あいつは前世を持つことを今を生きるための糧だと言った。
そして、九音は過去からの歩みであると口にした。
はたして正解はどちらなのかと考え、恐らくは自分で答えを出した結果が答えなのだと、俺は勝手に納得していた。
「さて、これにて私の中の葛藤も消化できた訳ですし、本題へ戻りましょうか」
「清々しいまでの切り替えの早さだ。いいぞ、実に好ましい」
「えっと…それで、どこまでお話しましたでしょうか?」
「阿呆め、お前が前世を思い出した所で話が脱線したんだ」
「まあ、そこからですか。参りました、私悩みが解決しましたので、長い話をするのがめっさ面倒です」
「お前…自分から話すと言っておいてからに」
俺の気のせいでなければ、正体がばれる前よりもはるかに自由になっていないか?
俺は、迂闊に九音の悩みを解決した事を後悔し始めていた。もし、九音が開き直って義経部分を全力で出してきたとすれば、対処に終えないだろう。なにせ義経は、史実にしてもめちゃくちゃな事をやらかしているからだ。
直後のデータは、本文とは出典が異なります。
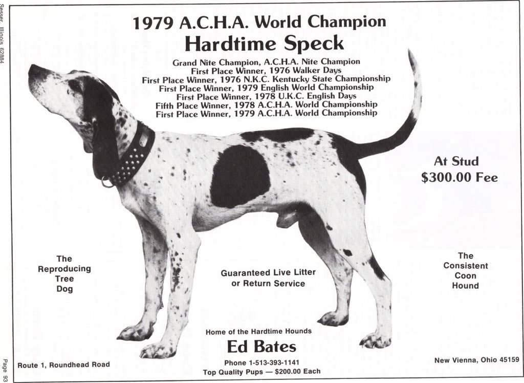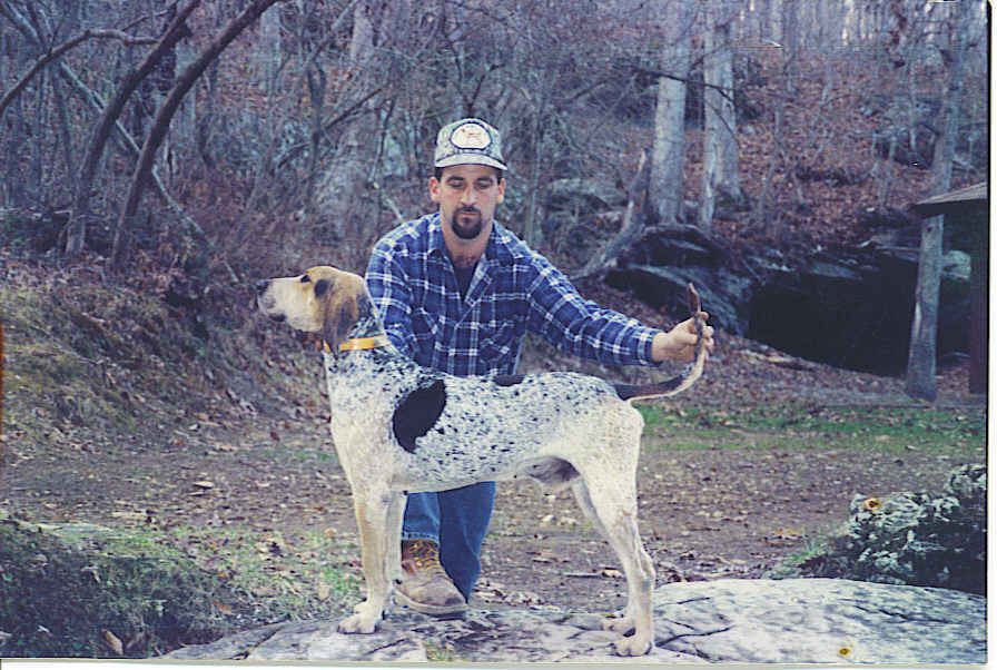 Dino and his pups speak for themselves. He has a lot of nice dogs showing up off of him in the winner's circle with more on the way. I raised and trained the momma to these pups, and she is a nice big tri-colored female. She has a loud mouth, uses it conservatively on the ground, has a head full of sense, is a strong hunter, and a hard tree dog that is good about having the coon. She has a lot of the old Hardtime Speck breeding behind her (Speck shows up 17 times in 7 generation ped). Her current owner John Kirkland and I made this cross to concentrate up on that winning Nichols' Tree Spike blood.
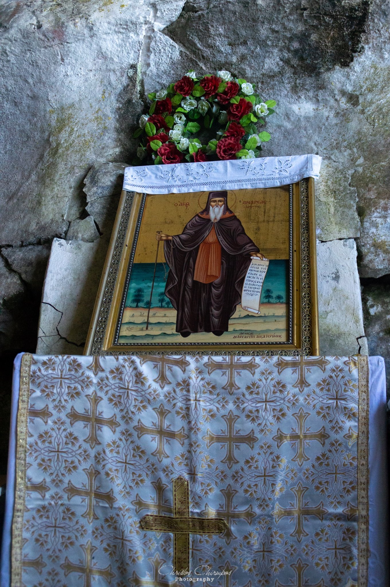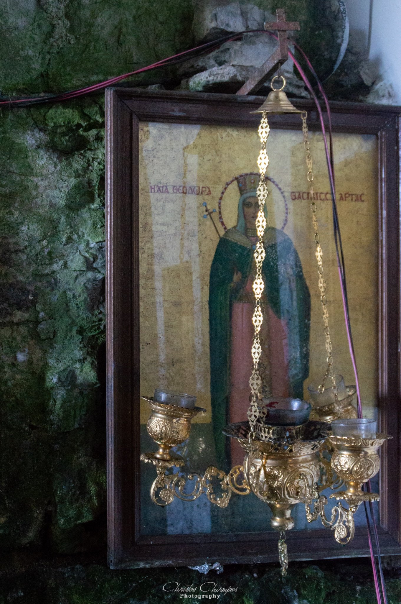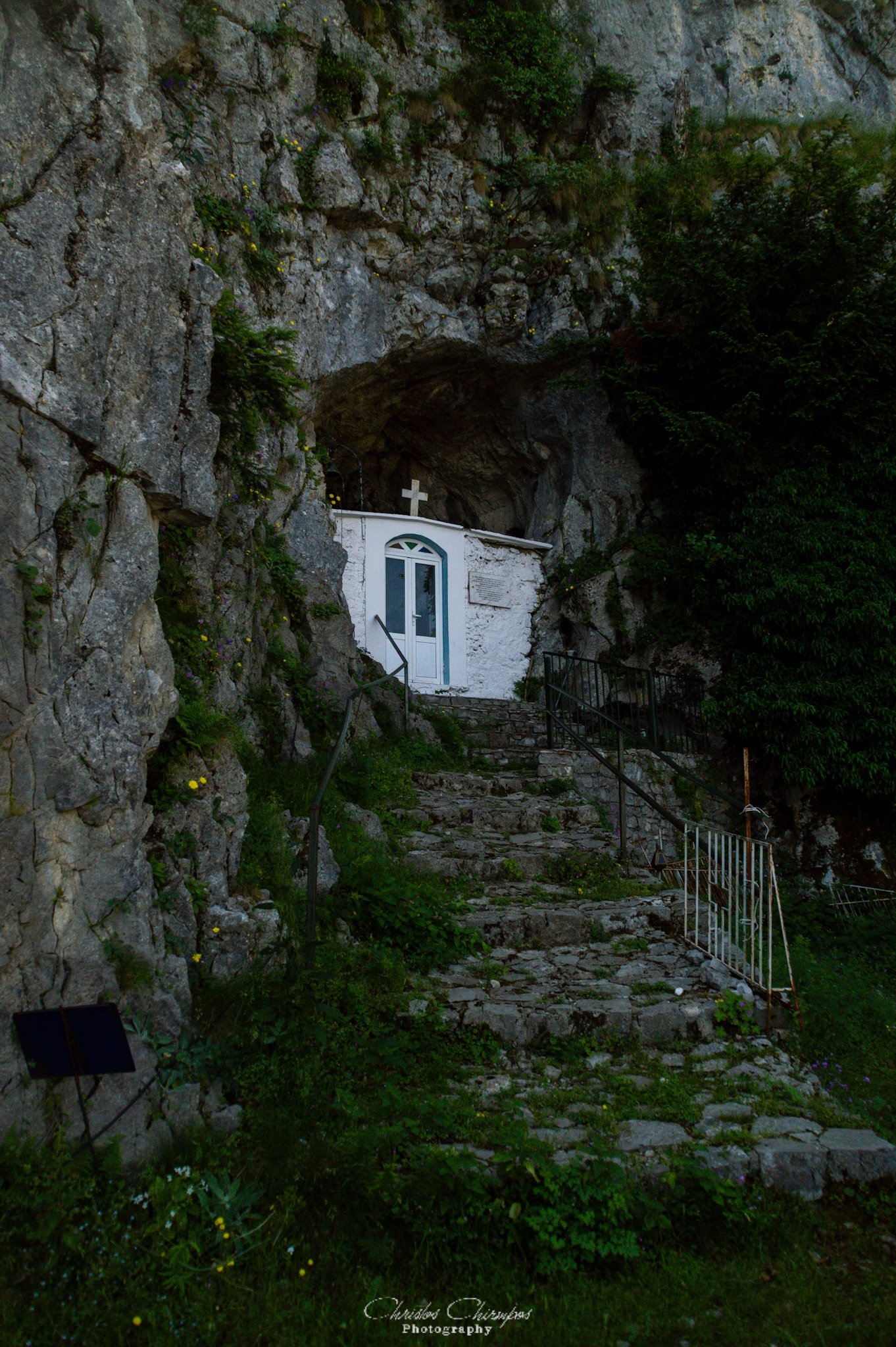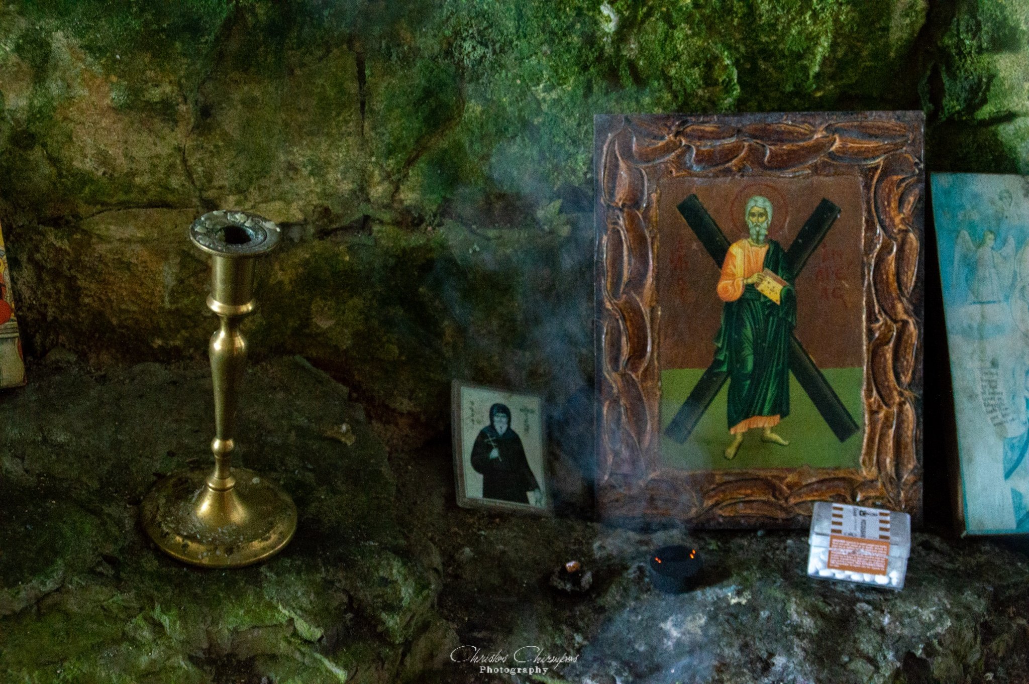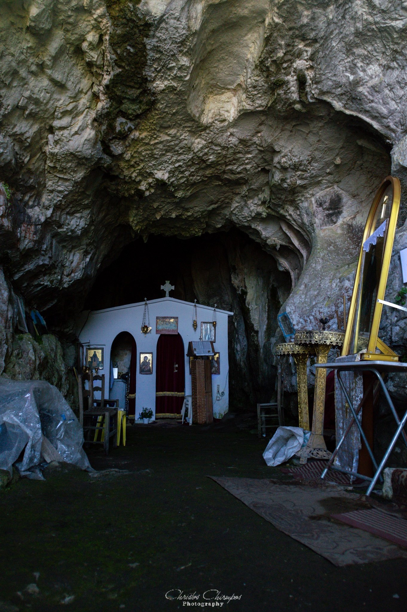 Σε 20 περίπου λεπτά αφού φτάσετε στο σπήλαιο, μπαίνοντας σε αυτό θα αντικρίσετε μία κόγχη κι ένα τέμπλο που συνθέτουν το χώρο του ιερού βήματος. Στην κόγχη ιστορείται η Πλατυτέρα με τέσσερεις ιεράρχες, παραστάσεις που τοποθετούνται χρονικά στον 14ο αιώνα.
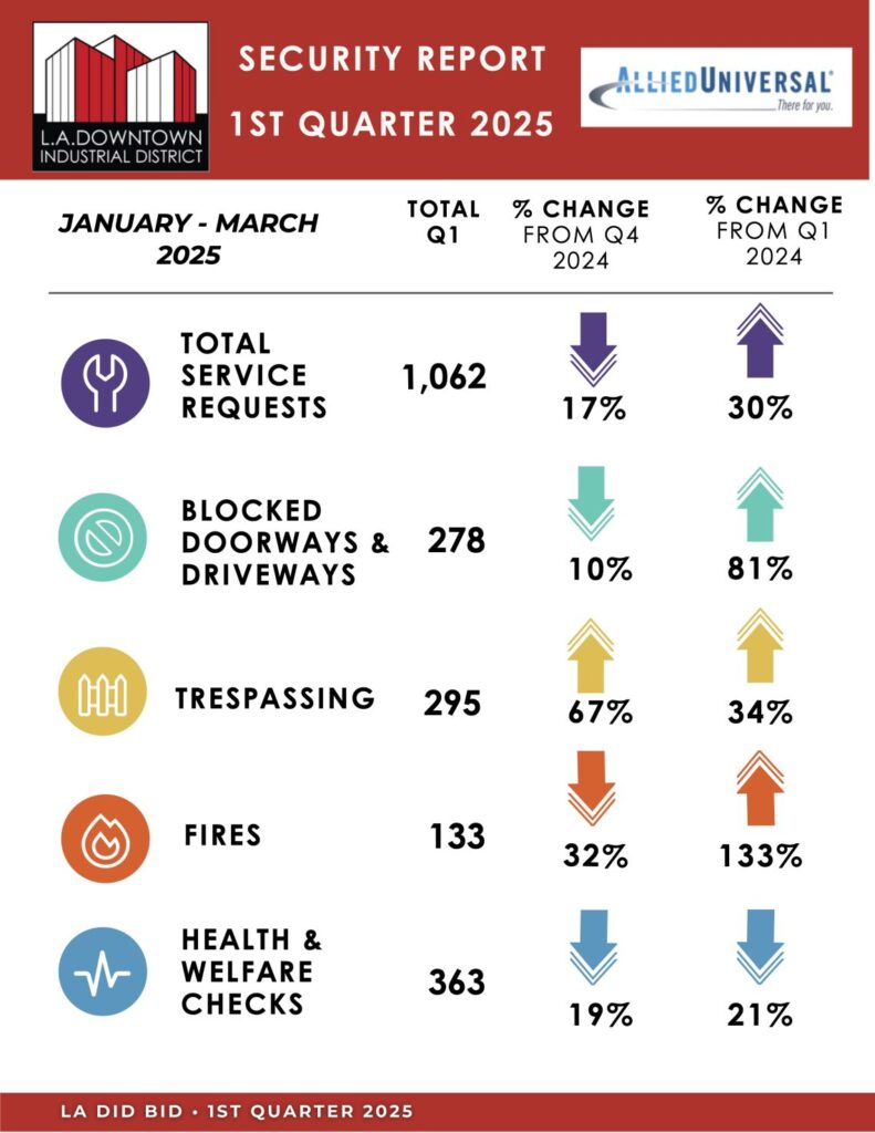 The Industrial District BID regularly tracks a number of security and maintenance statistics, with selected indicators. Here’s the overview of the stats. Continue scrolling down to see more details.
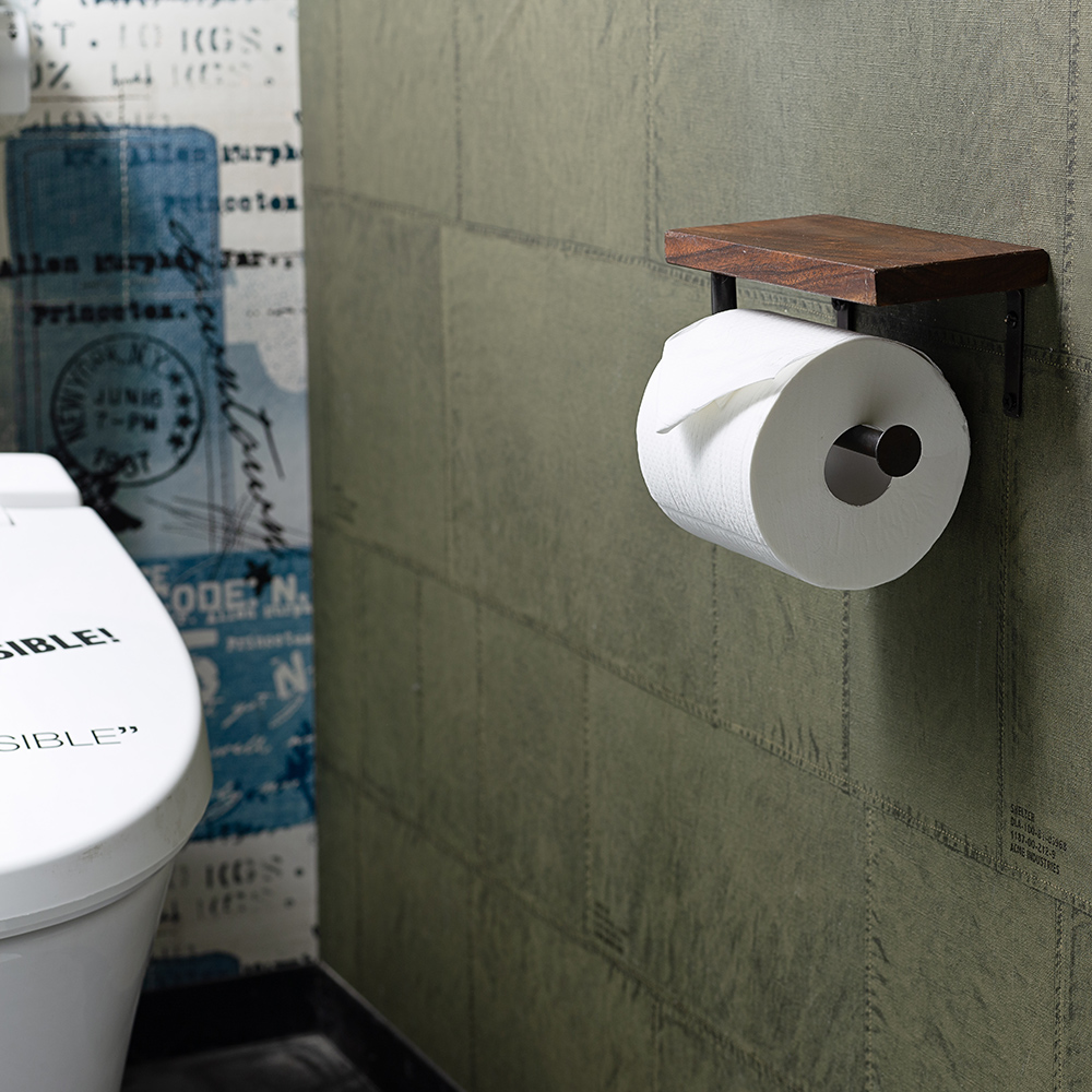 ヴィンテージ感のあるアイアンのアームに、マンゴーウッドの小さな棚がついたトイレットペーパーホルダー。
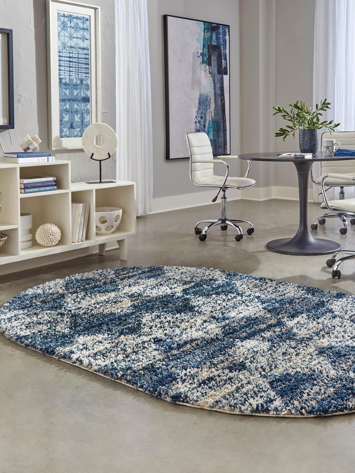 Blue 7' 10 x 10' Serenity Shag Oval Area Rug Thick Soft Tou...
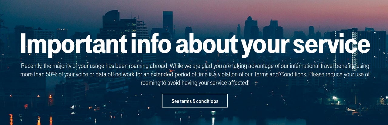 The majority of the last two months of T-Mobile usage on line xxxxxxxxxx has been roaming internationally. If this line continues to roam extensively abroad over the next month, the use will violate our terms and conditions, and your roaming usage will be blocked on September 25 2018. See details: t-mo.co/roaming

「九音、抑え目で頼むぞ。何の事かは分からんでいいが、ともかく抑え目だ」
「はい、全力でいきます。全て分かった上で全力で頑張ります」
九音はかつてないほどの全力の笑顔で俺の願いを正面から叩き割った。
駄目だ、この女薄々分かっていたが性格が悪い。清美とは違った意味で、話が通じないタイプだ。面白い、実に面白い。今は面倒以外のなにものでもない訳だがな。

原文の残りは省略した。